Thursday February 11,2016 : CALIFORNIA TRIBES CONCERNED OVER PROGRESS OF DAILY FANTASY SPORTS BILL (Update)
Hitherto silent tribes write to committee chairman.
If you've been wondering when the tribes are going to weigh in on the surprisingly unopposed progress of California's daily fantasy sports bill AB1437 the suspense ended Wednesday when the Sacremento Bee newspaper revealed that the Morongo Band and the San Manuel Band of Mission Indians have written to Assemblyman Adam Gray expressing concern over the rapid progress of his DFS bill.
Our readers will recall that Asemblyman Gray chairs the state Governmental Organization Committee and was chiefly responsible for pushing the DFS regulatory bill through the Assembly on an overwhelming 62 vs. 1 vote earlier this year, sending the measure to the state Senate.
The Morongo and San Manuel bands are powerful tribal interests that have played an important role in the still unresolved struggle for online poker legalization in California; they are part of an alliance pushing for a fair and equitable intrastate licensing and regulatory regime that includes leading state cardrooms and Amaya's Pokerstars operational giant.
The Sacremento Bee reports that the Morongo correspondence suggests that the tribe is worried about the legality of daily fantasy sports (and presumably its potential impact on tribal interests).
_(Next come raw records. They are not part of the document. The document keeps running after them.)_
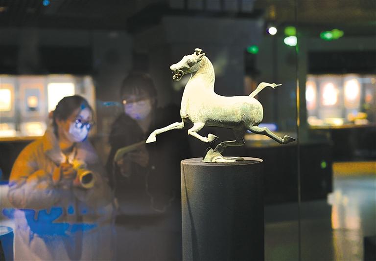這是觀眾在甘肅省博物館銅奔馬等展區(qū)參觀。 奔流新聞·蘭州晨報記者 裴強 攝
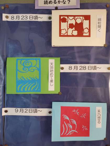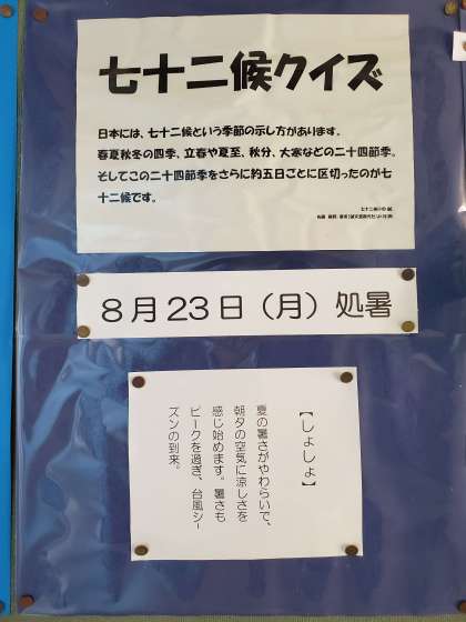 二十四節季では・・・処暑 暑さがおさまるという意味だそうですが、今年はいかがでしょうか。夏休みもそろそろ終わり。夏休みの宿題はバッチリ完成していますか。
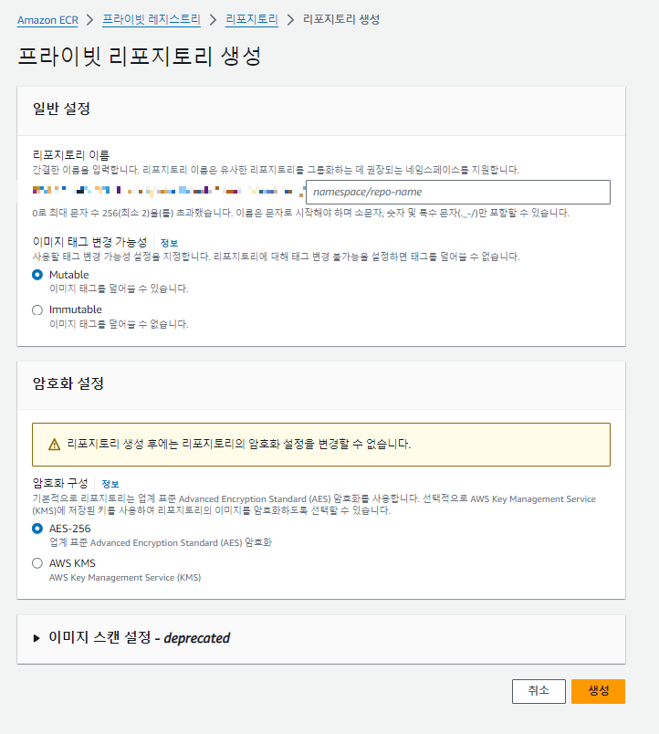 Private registory > Repositories > 리포지토리 생성 클릭
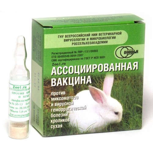Вакцина ассоциированная против миксоматоза и геморрагической болезни кроликов (ВГБК) 1фл - 10доз *10
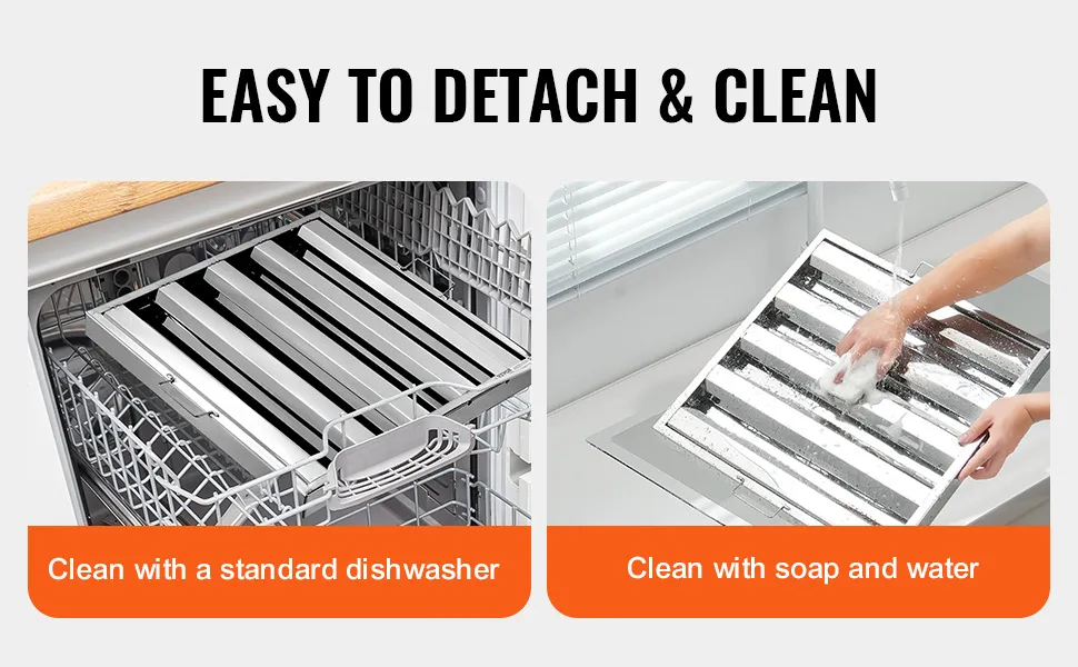 Effortless Cleaning: Cleaning your kitchen hood filter has never been easier. Simply wash it with soap and water or toss it in a standard dishwasher for hassle-free maintenance, keeping your kitchen condition clean and safe.
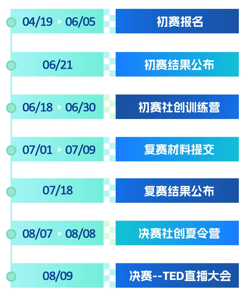 本次大赛将采用TED演讲的形式进行决赛展示。这样的设置允许每个团队在舞台上进行简短而精彩的演讲,直观地展示他们的项目创意和社会影响。通过有力传达清晰的信息,让参赛者的激情和创新点能够更加有效触及评委和全球观众,增强了比赛的观赏性和教育价值,更加激励所有参赛者与观众的创新和思考。
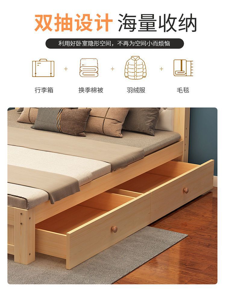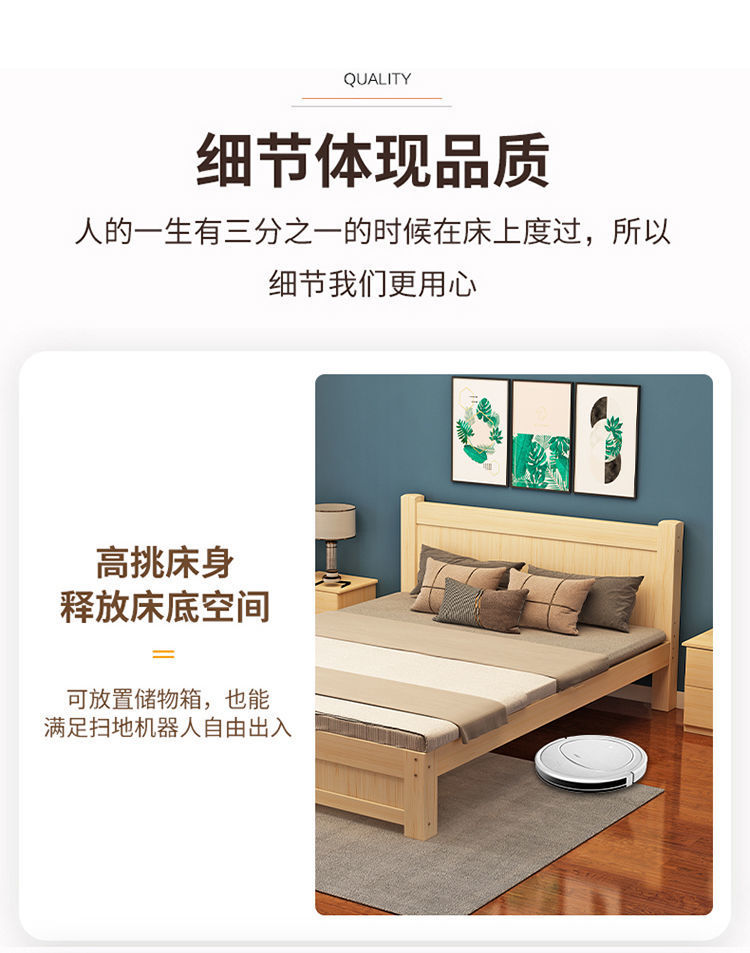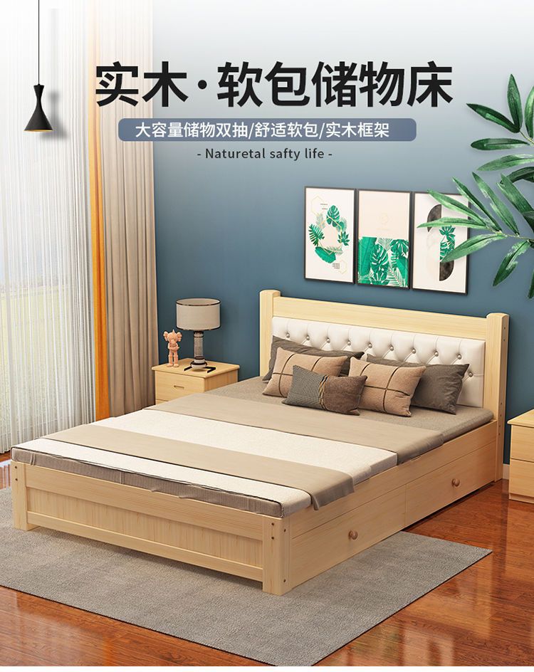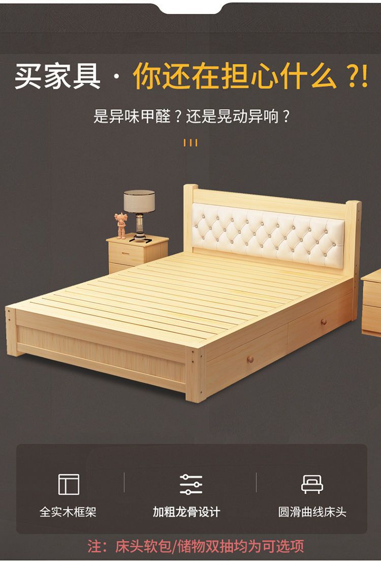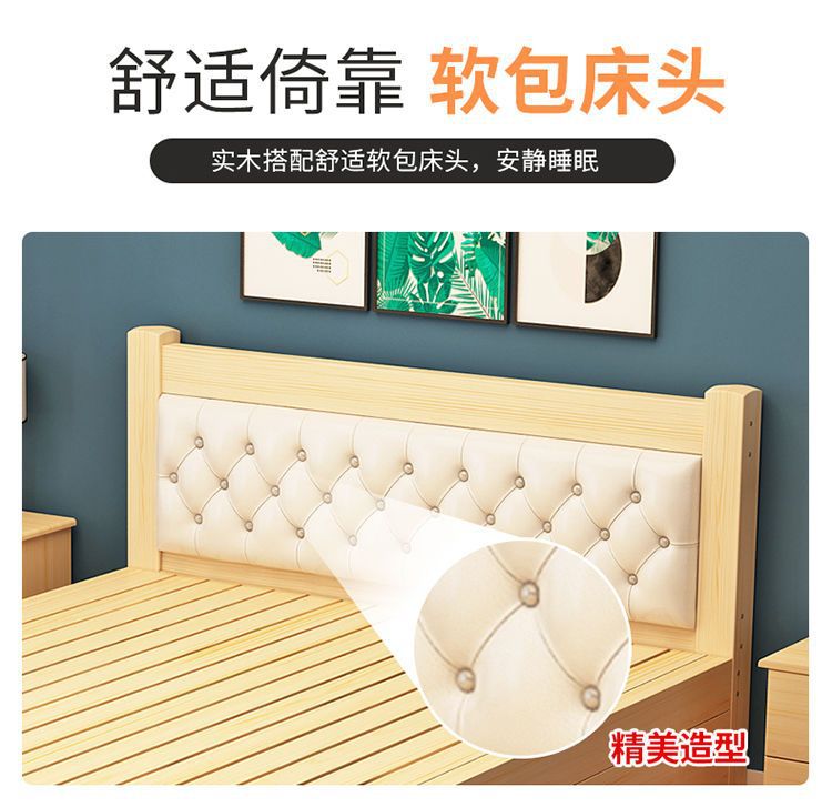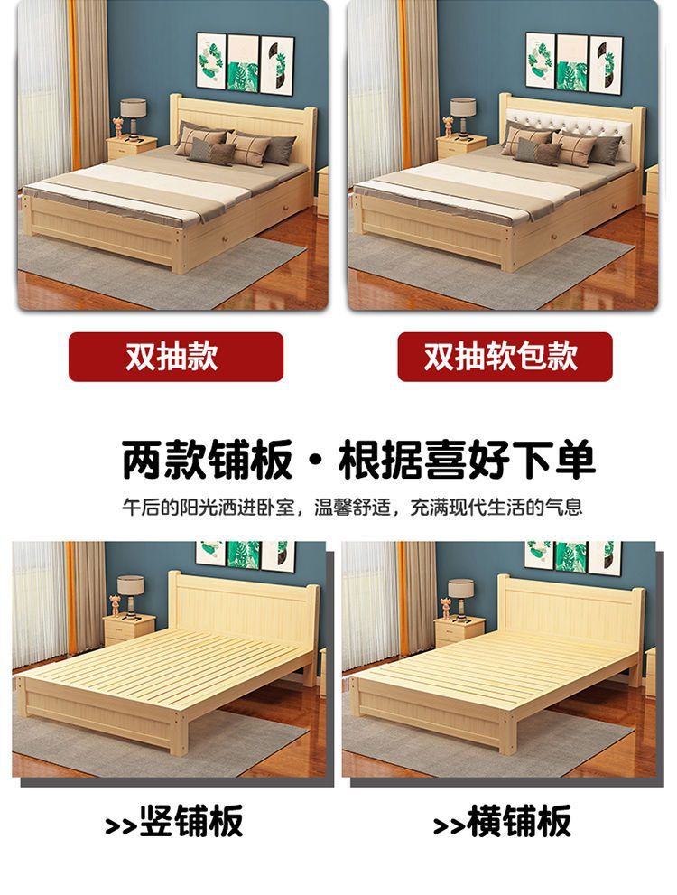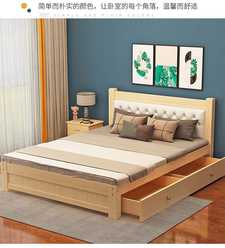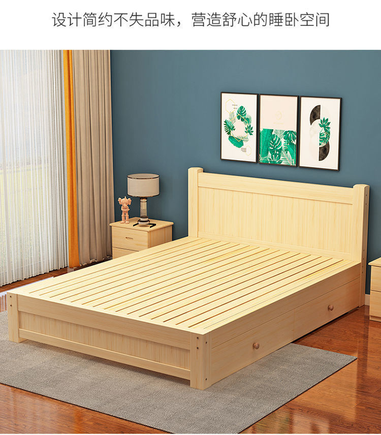 Giường gỗ đặc phòng cho thuê đơn giản hiện đại giường đơn giường đôi tiết kiệm đơn giản giường gỗ thông giường đơn tiết kiệm
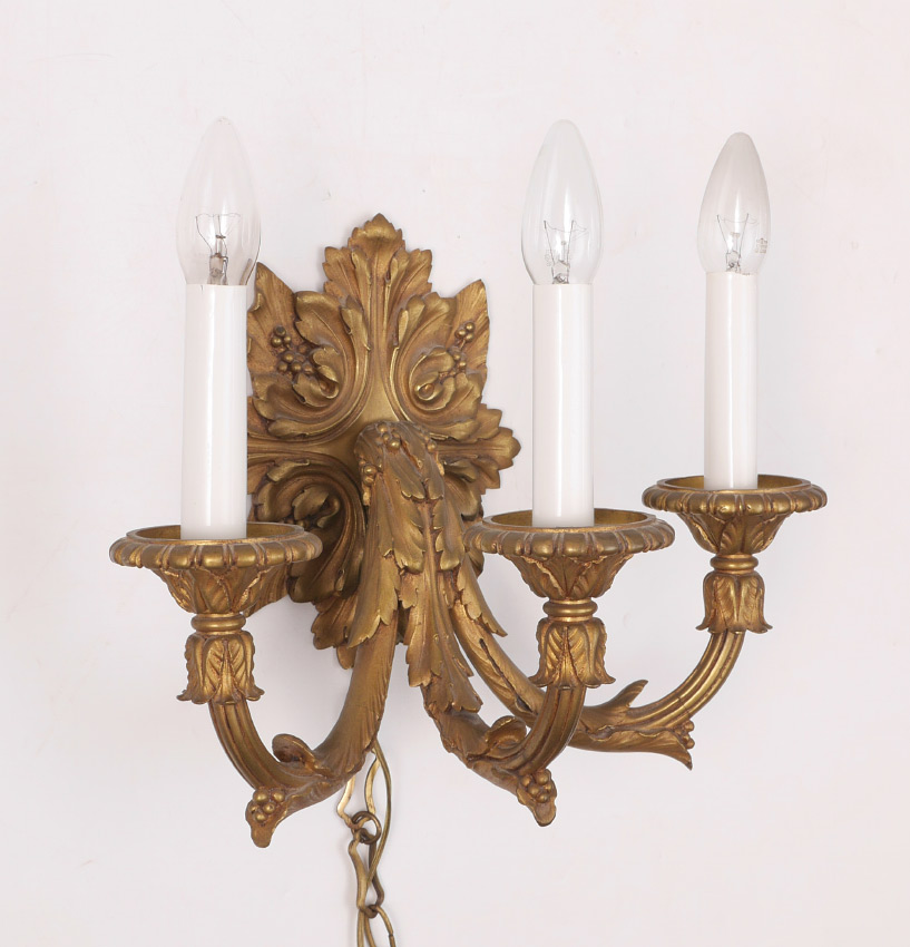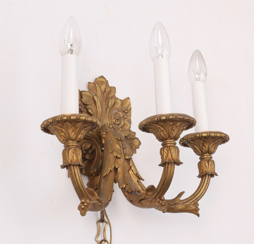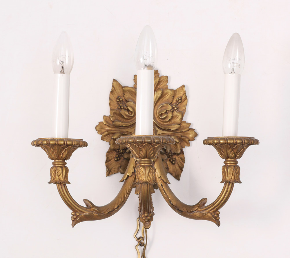 BRONZE FOLIATE MOTIF 3 LIGHT WALL SCONCE: Gold decorated cast bronze electric 3 arm sconce with a foliate motif. No visible marks, overall measures 14 1/4'' h. x 16 1/2'' x 11''.
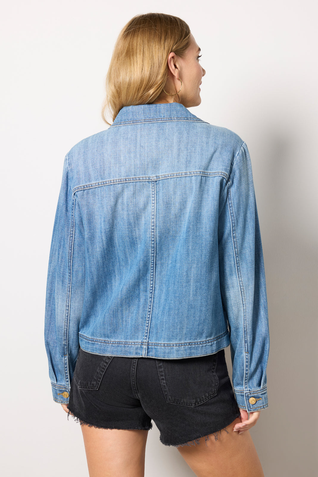 Layer any day-to-night look with the Arya denim jacket by KUT From The Kloth, finished in a soft cotton blend with a relaxed fit, front button closures, and a single chest pocket.
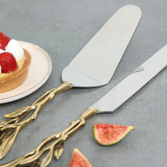 Brass Gold Twig Handle Cake Server Set of 2
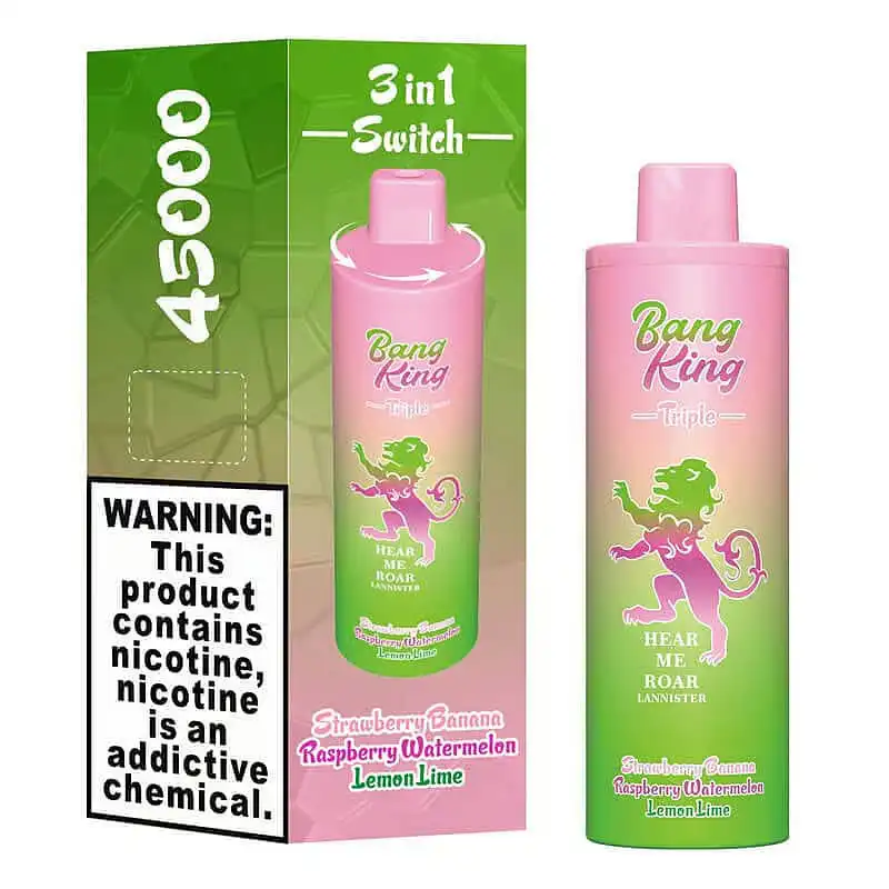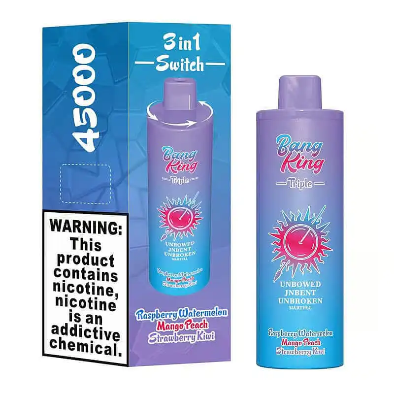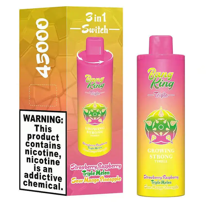 The Bang King Triple 45000 puffs vape offers three flavors, 45k puffs, 3 × 15mL e-liquid, 650mAh battery, triple 1.0Ω coils, Type-C and 10 unique flavors.
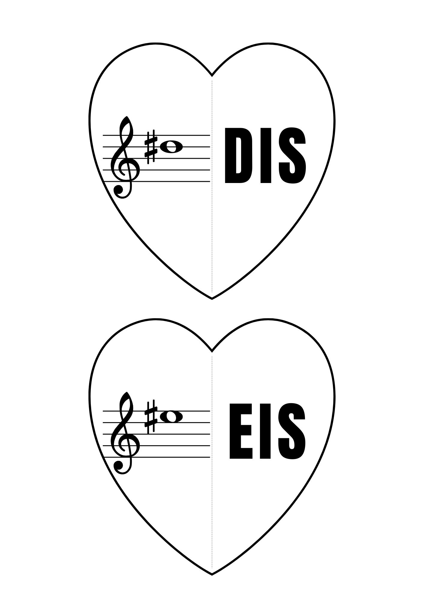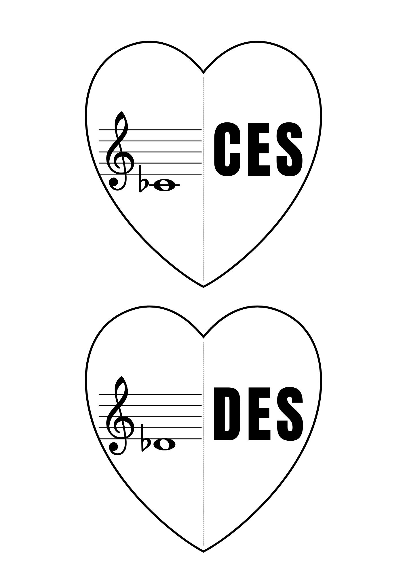 Nuty w wygodnej formie fiszek-serduszek, które należy wydrukować i wyciąć. Karty mają pośrodku przerywaną linię, ułatwiającą rozcięcie na pół, dzięki temu mogą być one stosowane na kilka sposobów:

The tribe considers DFS to be a form of gambling and is concerned at the "dangerous" approval of the genre simply because it is so popular.
The San Manuel letter compares the rapid progress of the DFS bill with the seven or eight years that have been spent haggling over the legalization nitty gritty of online poker in California, contrasting that with the fast-tracked DFS bill which the tribe claims has received very little vetting or deliberation.
Both tribes suggest in their letters that the current situation could present an opportunity to turn AB1437 into a wider vehicle for the legalization of online gambling.
Industry observers have opined that the easy progress of the DFS bill through the Assembly may not be replicated when it comes up for debate in the state Senate, where the tribes may take issue and demand that similar regulatory restrictions as those proposed for online poker be imposed.
In related news, a series of tweets on the Wallachlegal channel have revealed that daily fantasy sports firm FanDuel has been tightening its belt with the lay-off of 55 employees in its Florida office.
The channel also reports on interesting developments regarding New Jersey's appeal against the Professional and Amateur Sports Protection Act currently set for hearing next week in the Third Circuit Court of Appeals
Apparently the US Department of Justice have asked to be represented at the Third Circuit Court of Appeals hearing. The request has the support of the national sports leagues opposing New Jersey, but it has been opposed by New Jersey legal representatives.
And there is speculation that the DFS issue could be used to illustrate the inequity of the sports betting restrictions; Wallach has suggested that a good question for the Department of Justice might be: "Why does the USA enforce PASPA only against NJ, but not against states that legalize DFS?"